Но когда Робин бывает нежен, Фрэнк словно чувствует в себе солнце, потому что в такие моменты он берёт Фрэнка проникновенно, нежно и сладко. Тот словно бы окунается в него как в чистую, прозрачную, тёплую воду. Он шепчет Фрэнку такие интимные вещи, что тот спокойно может расстаться с жизнью в его руках. Эшли осознавал, что влюблён в Донни как кошка. И что тот ведёт себя так, а не иначе, потому что сам Фрэнк получает от этого кайф.
Робин Донни ни за какие блага не отказался бы от Фрэнка Эшли. От его глаз, делавшихся безумными от боли и желания, когда он твёрдо и до конца протискивался в него. От того движения, которым Фрэнк откидывал голову на стоне или выдохе, справляясь с ощущениями внутри себя. От того, как тот дышал, лёжа под ним, стиснув губы и втягивая воздух дрожащими ноздрями, удерживая крик. От того, как Фрэнк всё равно кричал, в конце концов. И кричал он «блядь» и «ещё». И от того, как он принимался отбиваться, вынуждая Робина силой укладывать его обратно.

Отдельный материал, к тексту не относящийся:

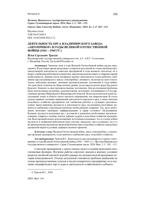 Значение тыла в годы Великой Отечественной войны трудно переоценить. В настоящее время продолжает оставаться актуальной не только проблема производственной деятельности советских предприятий в годы военного лихолетья, но и вопрос снабжения работников конкретных заводов продовольствием и товарами первой необходимости. Данная статья посвящена анализу деятельности отдела рабочего снабжения (орс) владимирского завода «Автоприбор», имевшего, несмотря на свои относительно небольшие размеры, значимые производственные достижения в годы войны. Это даже было отмечено на общесоюзном уровне, когда завод получил орден Трудового Красного Знамени за свои производственные достижения. Для исследования проблемы были использованы различные документальные источники, отложившиеся в Государственных архивах Ивановской и Владимирской областей. В методологическом плане исследование лежит в области такого научного направления, как микроистория. В статье удалось выявить основные направления деятельности заводского орса, а также значение подсобного хозяйства предприятия для снабжения рабочих и служащих продовольствием. Были выявлены трудности в деятельности орса, исследованы негативные моменты в снабжении сотрудников жизненно необходимыми товарами. Так, часть работников негативно оценивали дифференциацию в сфере столового обслуживания. Большие трудности испытывал орс с доставкой и хранением необходимых продовольственных товаров и топлива, имелся дефицит кадров в подсобном хозяйстве предприятия. Всесторонний анализ использованных источников показывает, что и к концу войны трудности в снабжении работников через систему заводского орса оставались, но в то же время решение продовольственной проблемы через подсобное хозяйство завода было адекватной мерой в условиях дефицита военного времени
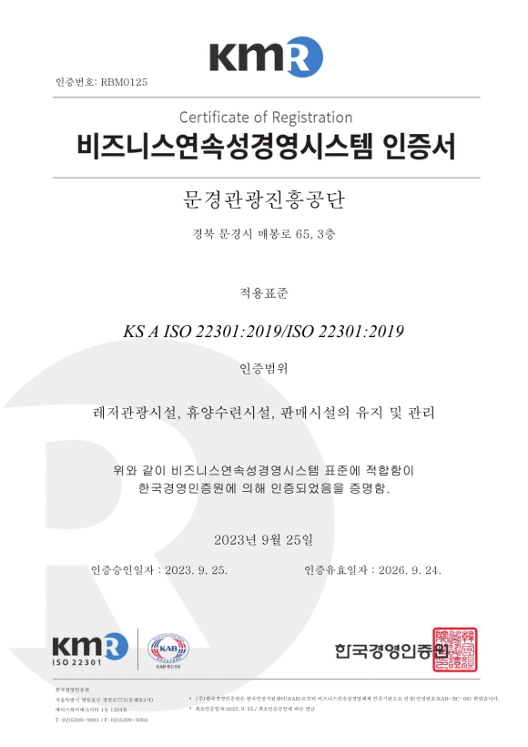 문경관광진흥공단(이사장 신필균)은 재해경감관리체계 구축을 위한 비즈니스연속성경영시스템(BCMS) 국제표준인증(ISO 22301)을 획득했다고 25일 밝혔다.
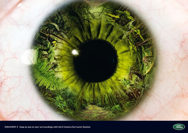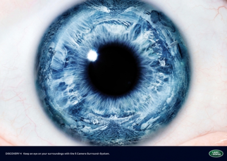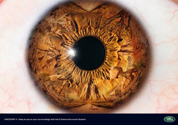 В рамках рекламной кампании Land Rover Discovery 4, подготовленной агентством Y&R Berlin, вышли три принта с изображением зрачков, внутри которых показаны футуристические ландшафты.
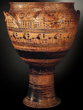 Αττικός γεωμετρικός κρατήρας, ο οποίος χρησίμευσε ως σήμα στον τάφο κάποιου αθηναίου ευγενή. Αποδίδεται στο ζωγράφο του Hirschfeld. Απεικονίζει την εκφορά νεκρού. 745-740 π.Χ.
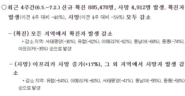 코로나19 주간 발생 동향(7.2.∼7.8.)
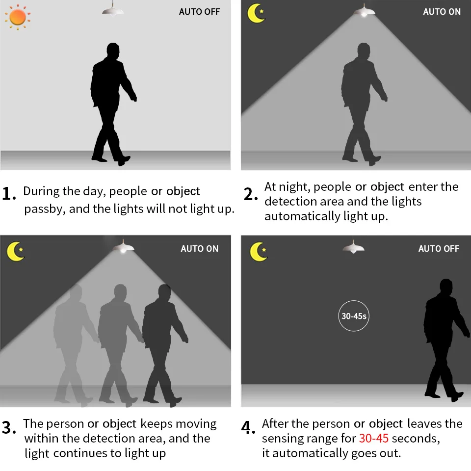2. Ouvrez au crépuscule ou la nuit, détectez tous les objets en mouvement dans une plage de détection de 3 à 6 mètres et allumez la lumière.

Робин на самом деле никого другого не хотел. Он даже не мог заставить себя хотя бы на минуту подумать, может ли ещё кто-либо заводить его так, как Фрэнк, и отдаваться ему так, как Фрэнк.

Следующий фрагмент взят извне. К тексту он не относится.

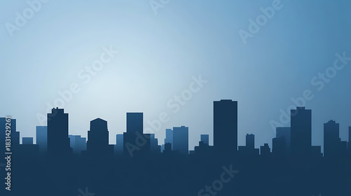 Naklejka premium A captivating cityscape silhouetted against a serene blue backdrop, evokes...
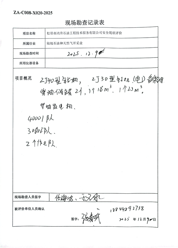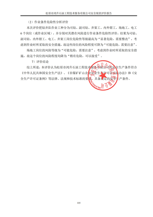 主要对松原市鸿升石油工程技术服务有限公司钻井的设备设施和生产作业活动,以及安全管理情况进行安全现状评价。 |
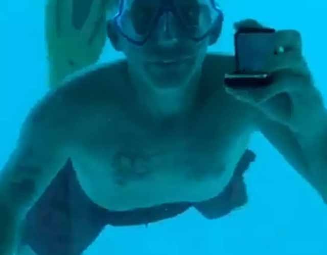 Mais adiante no vídeo, Weber vira a folha de papel para revelar o pedido, tira um anel de noivado do short e sai nadando.
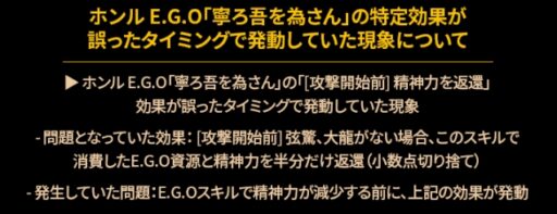 ・精神力が45の時、E.G.O使用時に精神力が減少する前に効果が発動していたため、本来この効果で回復するはずだった精神力が回復していなかった。
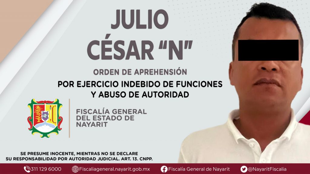 La Fiscalía General de Nayarit confirma la detención de Julio César «N» por ejercicio indebido de funciones y abuso de autoridad en perjuicio de la Universidad Tecnológica de Bahía de Banderas. Elementos de la Agencia de Investigación Criminal de Nayarit ejecutaron una orden de aprehensión en el municipio de Bahía de Banderas.

Эшли и Донни знали, что всё, что случалось и происходило с ними до того вечера, когда Робин услышал и увидел Фрэнка, просто было тем, что вело их к той минуте и друг к другу. Просто когда их взгляды сомкнулись, — круг замкнулся. Этот момент, когда Донни обернулся на голос Фрэнка, казался им теперь наполненным каким-то почти мистическим значением. Потому что именно тогда вероятность их возможной встречи обрела реальность. Точку соприкосновения и дальнейшее неделимое сосуществование.

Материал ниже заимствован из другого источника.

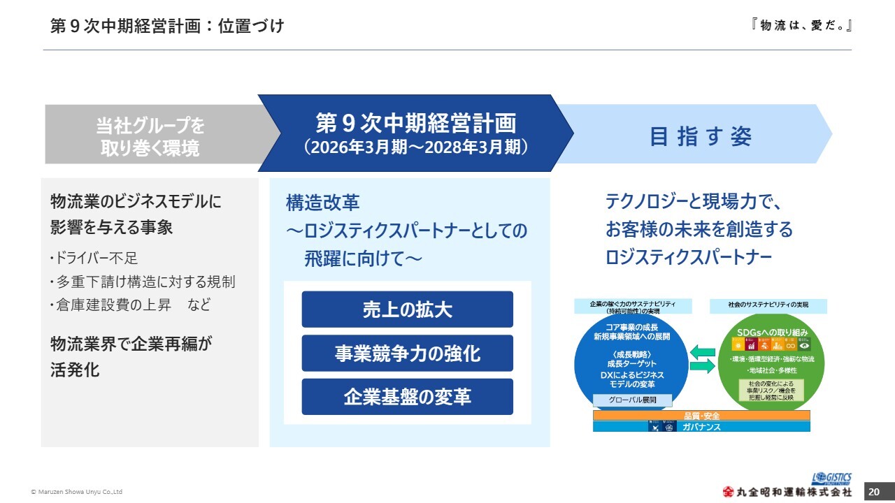 第9次中計の位置づけをあらためてご説明します。物流業界における当社グループを取り巻く環境は大きく変化しています。

Спать с Фрэнком еженощно, подтаскивая его к себе, чувствовать, как в полусне в ответ на это движение тот прижимается бёдрами. Видеть его нездешний взгляд в то время, как он пишет. Видеть, как он обращается с их детьми. И постоянно чувствовать, что он его, здесь, настоящий. Потому-то Робин бросался на него, разрывая, иногда совершенно забывая о том, что физическую боль ещё никто не отменял.
В такие моменты Фрэнк мог отшвырнуть его, выматерившись. Робин смирялся и снова приближался, уже более осторожно и бережнее обнимая и притягивая. И уже потом, в поцелуе, Фрэнк, обхватив его шею в локте, удерживая, кусал. Больно как змея, до крови, не выпуская. А когда оба чувствовали во рту кровь, вот тогда Фрэнк начинал жаться к нему, вздрагивая где-то там, глубоко внутри себя. Робин эту его дрожь чувствовал на губах, шее, под своими ладонями. Когда же Фрэнк выпускал его рот, ссасывая последнюю кровь с прокушенной губы, Робин сталкивался с его взглядом. Тем самым, в котором жила она: тварь с пятнистой и лохматой шкурой, и с жёлтыми глазами, чьи горизонтально растянутые, узкие зрачки активировали демона уже в самом Робине. Того, который заливал его собственные глаза тлеющей темнотой, чёрным нефтяным цветом. И который наполнял его изнутри частотным утробным рыком.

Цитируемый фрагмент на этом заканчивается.